GOAL OF THE EXERCISE: Repeat the following entries exactly, excluding pictures.

INPUT MATERIAL:
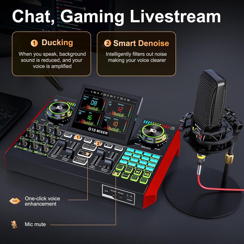 Tenlamp G10-PK PRO Mixer Sound Card Kit, Custom Sound Effects, with Condenser Microphone, for Live Streaming, Gaming, Singing Podcast Equipment, 2-Level Noise Reduction, Computer Audio Mixer#TikTokShopBacktoSchoolTenlamp G10-PK PRO Mixer Sound Card Kit, Custom Sound Effects, with Condenser Microphone, for Live Streaming, Gaming, Singing Podcast Equipment, 2-Level Noise Reduction, Computer Audio Mixer#TikTokShopBacktoSchoolTenlamp G10-PK PRO Mixer Sound Card Kit, Custom Sound Effects, with Condenser Microphone, for Live Streaming, Gaming, Singing Podcast Equipment, 2-Level Noise Reduction, Computer Audio Mixer#TikTokShopBacktoSchoolTenlamp G10-PK PRO Mixer Sound Card Kit, Custom Sound Effects, with Condenser Microphone, for Live Streaming, Gaming, Singing Podcast Equipment, 2-Level Noise Reduction, Computer Audio Mixer#TikTokShopBacktoSchool
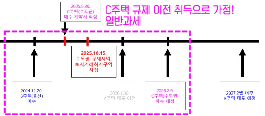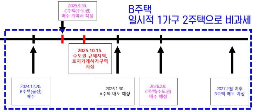 B주택: 일시적 1가구 2주택 → 양도세 비과세
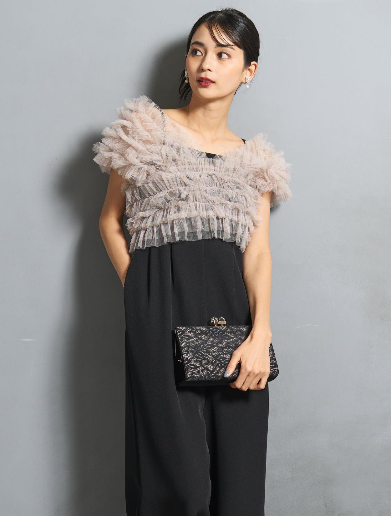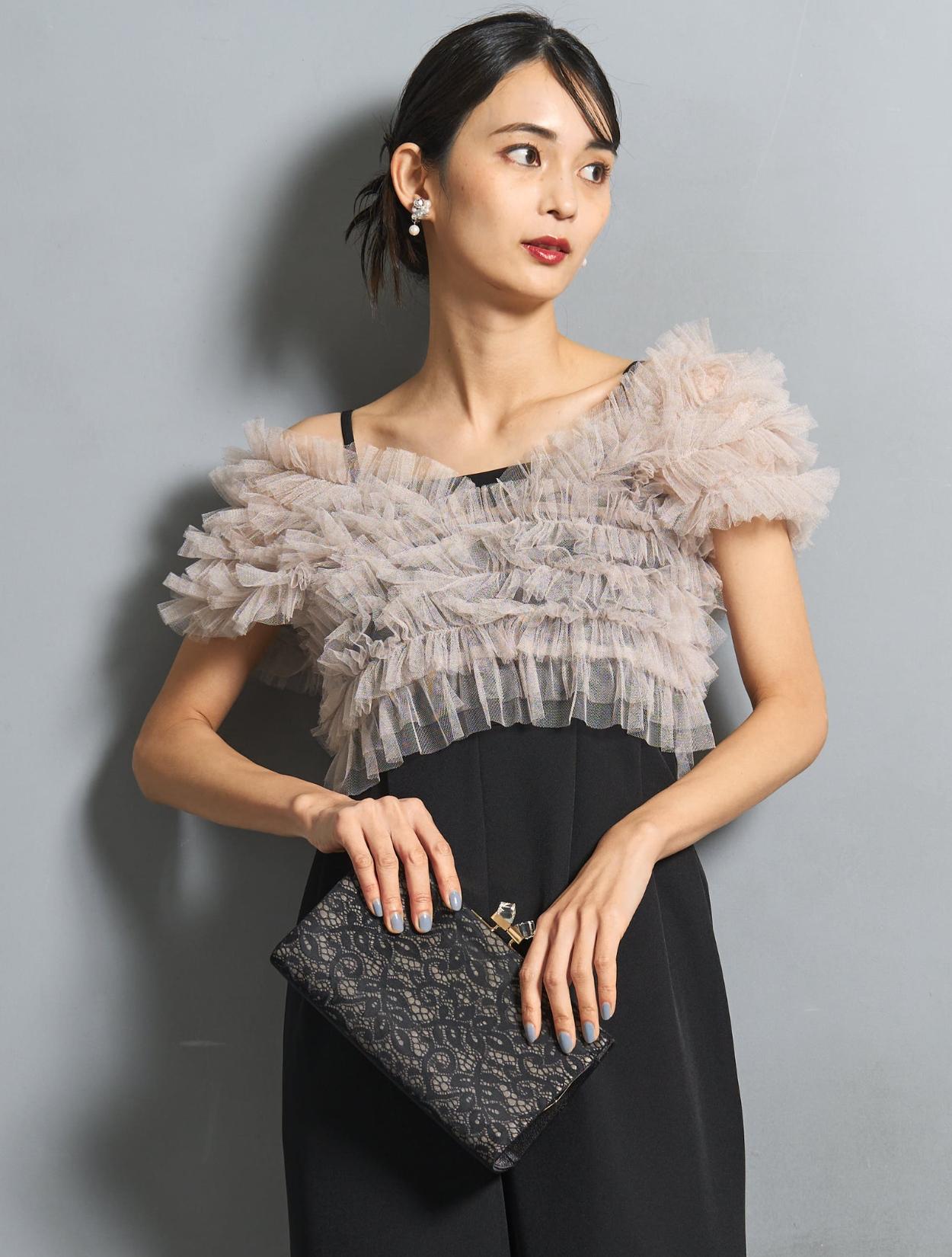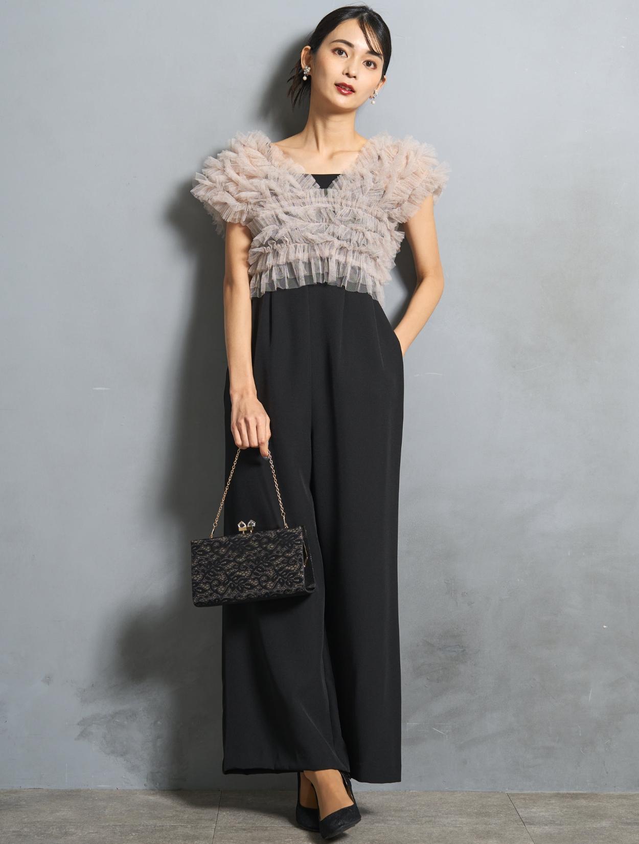 オールインワンと同色のブラックバッグを合わせてシックで大人っぽい印象に。レースのバッグは、トレンド感のあるパンツスタイルをクラシカルな雰囲気にしてくれるので、結婚式お呼ばれのパンツスタイルにおすすめのアイテムです。パールのビジューイヤリングでお顔回りは華やかなパーティー仕様になるので写真写りも◎。
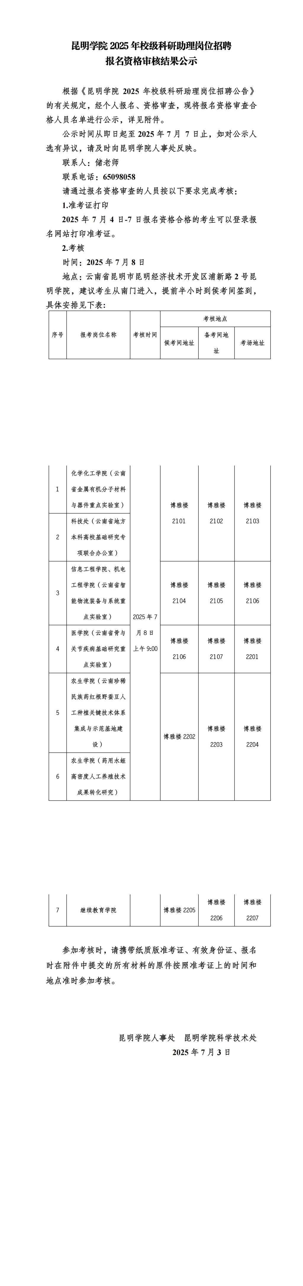 昆明学院2025年校级科研助理岗位招聘报名资格审核结果公示
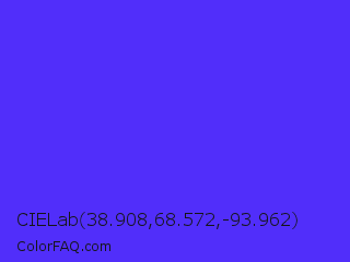 CIELab 38.908,68.572,-93.962 Color is a normal indigo color and the nearest color is Han Purple #5218fa. Hex code #512efa and RGB value is rgb(81,46,250). In RGB color space, this color is composed of 32% red, 18% green, 98% blue, In CMYK color space, this color is composed of 68% cyan, 82% magenta, 0% yellow , 2% black , In HSL color space, this color has a hue angle of 250° , 95% saturation and 58% lightness.
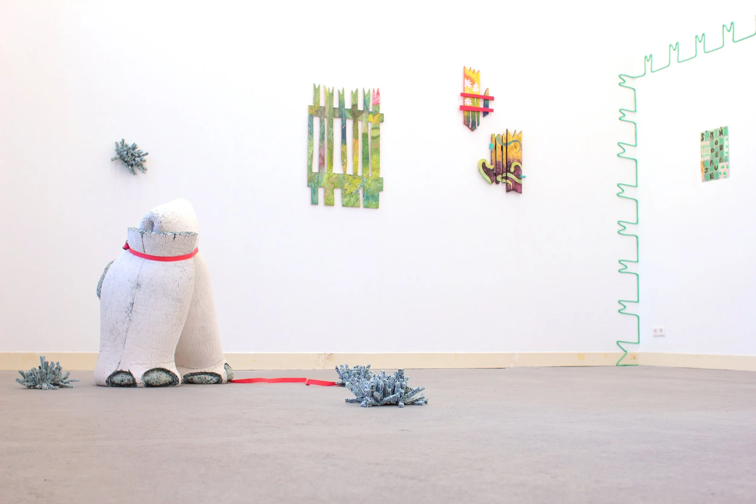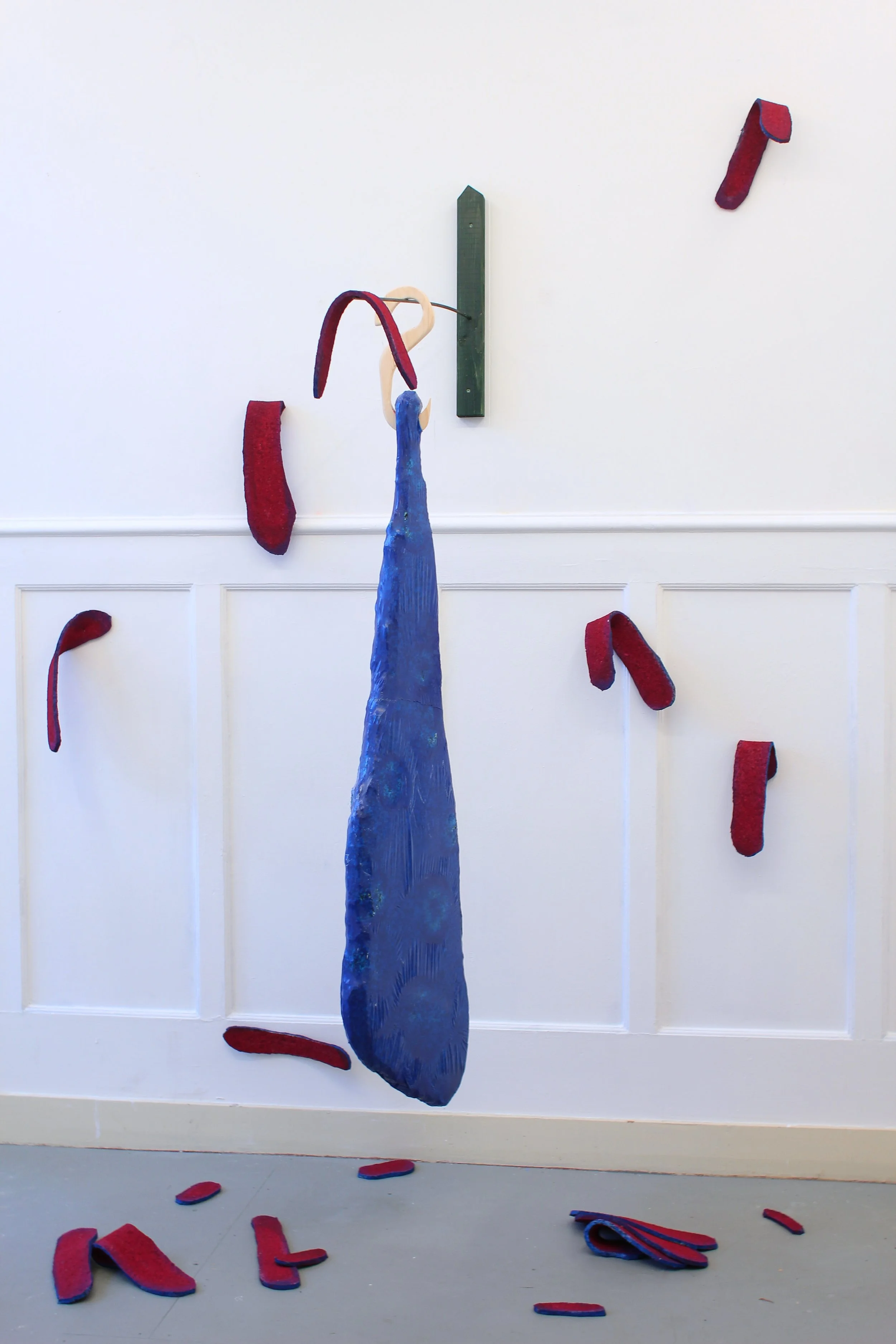 The exhibition is as an opportunity to explore new ways that my works can interact with each other and the spaces in which they are placed. Every space holds in it idiosyncrasies which can be adorned. The installation is an act of world-building where I can experiment with objects and materials in ways that individual artworks are not able to exist.
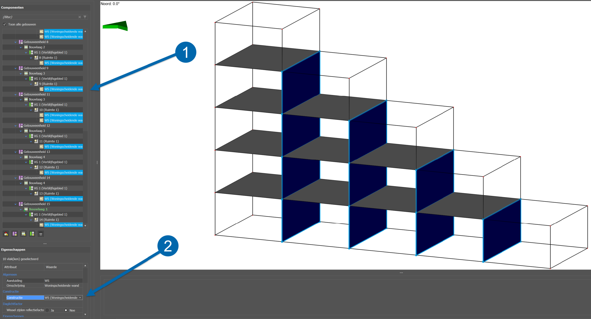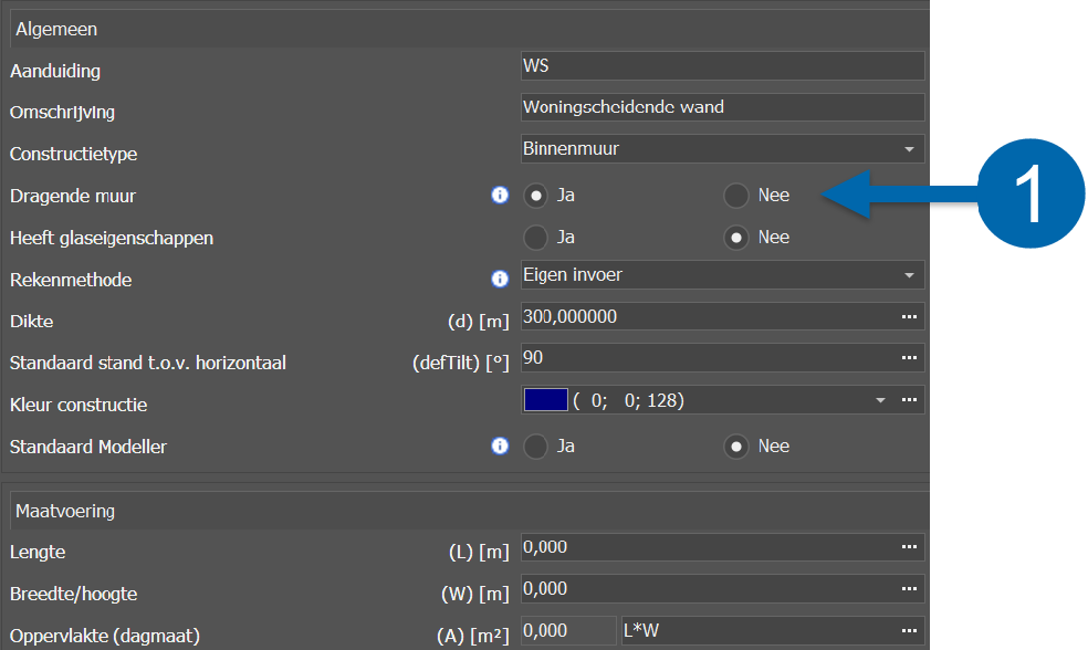 Vergeet niet voor een woningscheidende wand de eigenschap mee te geven dat het een ‘Dragende muur’ is (1).
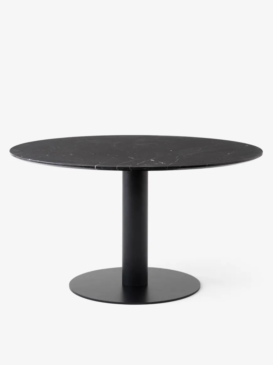 Med en diameter på Ø150 cm giver bordet generøs plads uden at virke dominerende, og den standardiserede højde på 73 cm gør det komfortabelt til daglig brug. Hver marmortop er et naturprodukt med sine egne årer og farvespil, hvilket gør hvert bord helt unikt.

SOLUTION FOR THIS TASK:
 Tenlamp G10-PK PRO Mixer Sound Card Kit, Custom Sound Effects, with Condenser Microphone, for Live Streaming, Gaming, Singing Podcast Equipment, 2-Level Noise Reduction, Computer Audio Mixer#TikTokShopBacktoSchoolTenlamp G10-PK PRO Mixer Sound Card Kit, Custom Sound Effects, with Condenser Microphone, for Live Streaming, Gaming, Singing Podcast Equipment, 2-Level Noise Reduction, Computer Audio Mixer#TikTokShopBacktoSchoolTenlamp G10-PK PRO Mixer Sound Card Kit, Custom Sound Effects, with Condenser Microphone, for Live Streaming, Gaming, Singing Podcast Equipment, 2-Level Noise Reduction, Computer Audio Mixer#TikTokShopBacktoSchoolTenlamp G10-PK PRO Mixer Sound Card Kit, Custom Sound Effects, with Condenser Microphone, for Live Streaming, Gaming, Singing Podcast Equipment, 2-Level Noise Reduction, Computer Audio Mixer#TikTokShopBacktoSchool
 B주택: 일시적 1가구 2주택 → 양도세 비과세
 オールインワンと同色のブラックバッグを合わせてシックで大人っぽい印象に。レースのバッグは、トレンド感のあるパンツスタイルをクラシカルな雰囲気にしてくれるので、結婚式お呼ばれのパンツスタイルにおすすめのアイテムです。パールのビジューイヤリングでお顔回りは華やかなパーティー仕様になるので写真写りも◎。
 昆明学院2025年校级科研助理岗位招聘报名资格审核结果公示
 CIELab 38.908,68.572,-93.962 Color is a normal indigo color and the nearest color is Han Purple #5218fa. Hex code #512efa and RGB value is rgb(81,46,250). In RGB color space, this color is composed of 32% red, 18% green, 98% blue, In CMYK color space, this color is composed of 68% cyan, 82% magenta, 0% yellow , 2% black , In HSL color space, this color has a hue angle of 250° , 95% saturation and 58% lightness.
 The exhibition is as an opportunity to explore new ways that my works can interact with each other and the spaces in which they are placed. Every space holds in it idiosyncrasies which can be adorned. The installation is an act of world-building where I can experiment with objects and materials in ways that individual artworks are not able to exist.
 Vergeet niet voor een woningscheidende wand de eigenschap mee te geven dat het een ‘Dragende muur’ is (1).
 Med en diameter på Ø150 cm giver bordet generøs plads uden at virke dominerende, og den standardiserede højde på 73 cm gør det komfortabelt til daglig brug. Hver marmortop er et naturprodukt med sine egne årer og farvespil, hvilket gør hvert bord helt unikt.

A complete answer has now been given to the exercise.